Arquivo NacionalArquivo Nacional
Documento de Itaipu sobre ‘infiltração comunista’
Bloqueio de informações
Os relatos colhidos pelos pesquisadores apontam a atuação direta da estatal Itaipu no âmbito da ditadura, mas as restrições de acesso a documentos impostas até hoje aos pesquisadores prejudicaram o resultado do trabalho, impossibilitando que se tenha uma visão mais horizontal do que se passou na construção da hidrelétrica naqueles anos.

Carla Silva, pesquisadora e coordenadora do trabalho, afirma que foram apresentados vários pedidos de acesso ao acervo completo de informações, mas que foram negados pela estatal. Em uma resposta enviada aos pesquisadores para rejeitar o pedido, Itaipu declarou que um dos membros do grupo já tinha solicitado informações no passado e que, por isso, não liberaria o acesso novamente.

“Usaram isso como justificativa, mas isso não tem nenhum fundamento”, diz Carla. “Não tivemos acesso a todo o material de Itaipu. Por mais que tenhamos solicitado, foram indeferidos os nossos pedidos de informações. Sabemos que a estatal tem a documentação organizada, mas não fomos atendidos.”

Dadas as limitações impostas pela empresa, os pesquisadores passaram a recorrer a todas as bases de dados oficiais possíveis e conseguiram, ainda assim, reunir e analisar cerca de 10 mil documentos. “Foi mais fácil pesquisar na Argentina e Paraguai do que em Itaipu. Fomos ao centro de documentação que pertence ao Ministério da Justiça do Paraguai, o ‘Arquivo do Terror’, que guarda documentos da Operação Condor. Encontramos muita coisa.”

A Pública questionou por que Itaipu não garantiu acesso irrestrito ao material solicitado e encaminhou à estatal o próprio indeferimento. Em nota, a hidrelétrica não explicou a negativa e declarou que “a atual gestão da Itaipu Binacional (margem brasileira) tem interesse em esclarecer quaisquer questões de interesse público que envolvam a empresa”.

Segundo a empresa, é mantido um canal aberto na internet para receber e analisar pedidos de informação, “com o compromisso de responder no menor prazo possível”.

O acervo sobre Itaipu com documentos e testemunhos faz parte de um relatório inédito da Unifesp/Caaf que será enviado ao MPF e que pretende servir de base para ações de reparação a vítimas da repressão na ditadura militar. 

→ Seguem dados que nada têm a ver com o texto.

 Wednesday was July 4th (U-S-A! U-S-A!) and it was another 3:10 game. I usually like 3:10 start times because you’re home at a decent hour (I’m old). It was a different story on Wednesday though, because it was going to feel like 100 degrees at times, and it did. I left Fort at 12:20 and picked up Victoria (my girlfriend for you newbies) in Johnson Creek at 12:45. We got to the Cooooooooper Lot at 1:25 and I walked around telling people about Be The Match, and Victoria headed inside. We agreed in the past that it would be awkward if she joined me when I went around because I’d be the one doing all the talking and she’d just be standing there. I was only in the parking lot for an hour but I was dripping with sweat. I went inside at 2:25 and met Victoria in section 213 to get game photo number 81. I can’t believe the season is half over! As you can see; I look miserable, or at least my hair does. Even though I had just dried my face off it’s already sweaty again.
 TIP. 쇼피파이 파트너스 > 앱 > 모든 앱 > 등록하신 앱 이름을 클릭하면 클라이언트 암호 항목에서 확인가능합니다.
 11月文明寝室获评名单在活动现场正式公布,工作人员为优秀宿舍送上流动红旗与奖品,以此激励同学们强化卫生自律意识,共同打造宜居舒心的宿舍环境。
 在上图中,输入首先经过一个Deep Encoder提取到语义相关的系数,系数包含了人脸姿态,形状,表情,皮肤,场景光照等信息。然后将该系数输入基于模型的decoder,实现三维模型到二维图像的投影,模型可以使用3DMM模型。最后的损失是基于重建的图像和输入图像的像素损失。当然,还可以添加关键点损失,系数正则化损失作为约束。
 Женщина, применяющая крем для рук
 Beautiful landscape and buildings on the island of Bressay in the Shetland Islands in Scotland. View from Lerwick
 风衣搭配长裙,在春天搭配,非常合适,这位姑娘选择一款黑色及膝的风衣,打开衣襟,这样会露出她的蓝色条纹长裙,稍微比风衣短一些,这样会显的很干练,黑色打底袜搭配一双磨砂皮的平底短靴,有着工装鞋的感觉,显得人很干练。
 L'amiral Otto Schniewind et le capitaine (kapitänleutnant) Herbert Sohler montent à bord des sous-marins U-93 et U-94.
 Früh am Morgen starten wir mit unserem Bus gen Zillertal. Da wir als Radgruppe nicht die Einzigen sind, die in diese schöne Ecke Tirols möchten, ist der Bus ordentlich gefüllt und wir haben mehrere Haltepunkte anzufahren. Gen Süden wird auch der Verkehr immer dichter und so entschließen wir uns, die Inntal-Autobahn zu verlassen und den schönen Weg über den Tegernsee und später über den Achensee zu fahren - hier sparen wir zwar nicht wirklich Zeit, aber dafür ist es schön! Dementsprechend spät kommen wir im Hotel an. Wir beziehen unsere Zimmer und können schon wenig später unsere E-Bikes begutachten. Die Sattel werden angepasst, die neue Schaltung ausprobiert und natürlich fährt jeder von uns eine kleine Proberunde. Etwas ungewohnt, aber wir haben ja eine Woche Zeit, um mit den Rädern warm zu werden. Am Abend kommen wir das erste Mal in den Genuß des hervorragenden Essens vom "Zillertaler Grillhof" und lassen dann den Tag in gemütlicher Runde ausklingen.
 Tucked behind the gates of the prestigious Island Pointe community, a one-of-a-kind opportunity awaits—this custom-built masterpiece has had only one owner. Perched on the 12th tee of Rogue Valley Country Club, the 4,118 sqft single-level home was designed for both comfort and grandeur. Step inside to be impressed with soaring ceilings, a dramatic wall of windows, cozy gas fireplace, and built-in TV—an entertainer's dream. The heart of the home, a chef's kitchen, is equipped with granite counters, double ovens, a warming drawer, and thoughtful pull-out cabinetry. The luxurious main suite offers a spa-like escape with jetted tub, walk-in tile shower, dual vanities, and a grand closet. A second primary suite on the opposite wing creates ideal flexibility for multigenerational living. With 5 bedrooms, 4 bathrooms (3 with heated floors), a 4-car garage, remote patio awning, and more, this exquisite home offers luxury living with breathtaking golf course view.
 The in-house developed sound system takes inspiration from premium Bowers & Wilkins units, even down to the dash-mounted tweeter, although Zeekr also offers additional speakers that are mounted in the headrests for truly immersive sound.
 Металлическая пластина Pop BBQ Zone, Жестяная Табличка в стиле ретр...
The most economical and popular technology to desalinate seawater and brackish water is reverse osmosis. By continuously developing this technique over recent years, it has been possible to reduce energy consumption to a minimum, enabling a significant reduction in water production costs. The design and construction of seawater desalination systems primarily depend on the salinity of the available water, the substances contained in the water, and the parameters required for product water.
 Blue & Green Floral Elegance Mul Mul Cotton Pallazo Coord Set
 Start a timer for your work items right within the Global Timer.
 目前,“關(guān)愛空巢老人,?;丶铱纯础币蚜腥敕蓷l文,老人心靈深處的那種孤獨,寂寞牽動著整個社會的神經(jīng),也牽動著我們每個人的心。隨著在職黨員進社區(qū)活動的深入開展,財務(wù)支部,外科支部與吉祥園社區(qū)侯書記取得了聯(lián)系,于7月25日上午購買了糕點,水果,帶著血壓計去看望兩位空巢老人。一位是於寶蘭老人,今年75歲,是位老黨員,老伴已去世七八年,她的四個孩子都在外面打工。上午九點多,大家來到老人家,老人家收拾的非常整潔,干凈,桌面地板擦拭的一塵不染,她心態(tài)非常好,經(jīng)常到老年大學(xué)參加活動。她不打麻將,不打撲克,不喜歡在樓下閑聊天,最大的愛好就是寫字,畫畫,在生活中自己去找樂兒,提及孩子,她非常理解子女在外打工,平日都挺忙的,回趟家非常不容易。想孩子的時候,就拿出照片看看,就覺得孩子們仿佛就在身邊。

Reparações históricas em aberto
Quem visita hoje a usina de Itaipu se depara com uma história de vitórias e força contada por homens desbravadores que tiveram a sua imagem sintetizada na imagem do “Homem de Aço”, uma escultura de duas toneladas, construída pelos operários da hidrelétrica com pedaços de sucata de maquinários, nos anos 1980.

Para os pesquisadores e milhares de atingidos pela obra, porém, a imagem do barrageiro “Nicão”, como a escultura passaria a ser conhecida, não conta toda a história do que se passou no local, e isso precisa ser reparado, tanto por meio de indenizações quanto por meio de reparações históricas. A criação de um centro de memória da construção da usina de Itaipu – que expresse as violações cometidas contra os trabalhadores e populações expropriadas – é uma dessas demandas.